Astronomers discover biggest black holes ever

Scientists have discovered the two biggest black holes ever observed, each with a mass billions of times greater than the Sun's, according to a study published Monday.

The two giants are located in the heart of a pair of galaxies several hundred million light years from Earth, said the study in scientific journal Nature.

Each black hole is estimated to have a mass about 10 billion times greater than the sun, dwarfing the previously largest-known black hole, which has a mass of 6.3 billion suns.

The University of California, Berkeley, team led by Nicholas McConnell and Chung-Pei Ma said one black hole is located in NGC 3842, the brightest of a cluster of galaxies about 320 million light years from Earth.

The second hole is of "comparable or greater mass" and is located in NGC 4889, the brightest galaxy in the Coma cluster, about 335 million light years away.

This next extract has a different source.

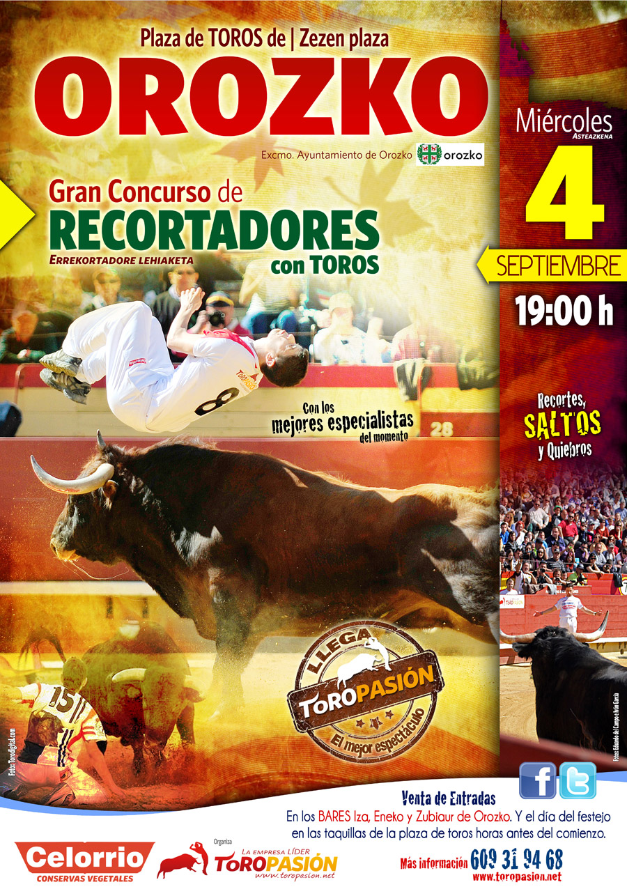 Un año más la localidad navarra de vasca de Orozko volverá a contar en su programa festivo con una competición de toreo a cuerpo limpio. En esta ocasión será la empresa Toropasión Espectáculos la encargada de poner en marcha este evento. Enmarcado en el miércoles festivo, la competición reunirá a un nutrido grupo de especialistas procedentes de distintos puntos de nuestra geografía. Las distintas suertes el toreo a cuerpo limpio, recortes, quiebros y saltos, estarán presentes en el concurso y serán evaluadas de 0 a 10 puntos por un jurado especializado.

"These two black holes are significantly more massive than predicted," the astronomers wrote.
They said their calculations suggest that different evolutionary processes influence the growth of the largest galaxies and their black holes than in smaller galaxies.

Astronomers have long supposed that since the universe began it has harboured black holes with a mass the size of the two newly found giants.

These cosmic gluttons grow in tandem with their galaxies, slurping up gases, planets and stars.
"There is a symbiotic relationship between black holes and their galaxies that has existed since the dawn of time," Kevin Schawinski, a Yale astronomer said in a June study.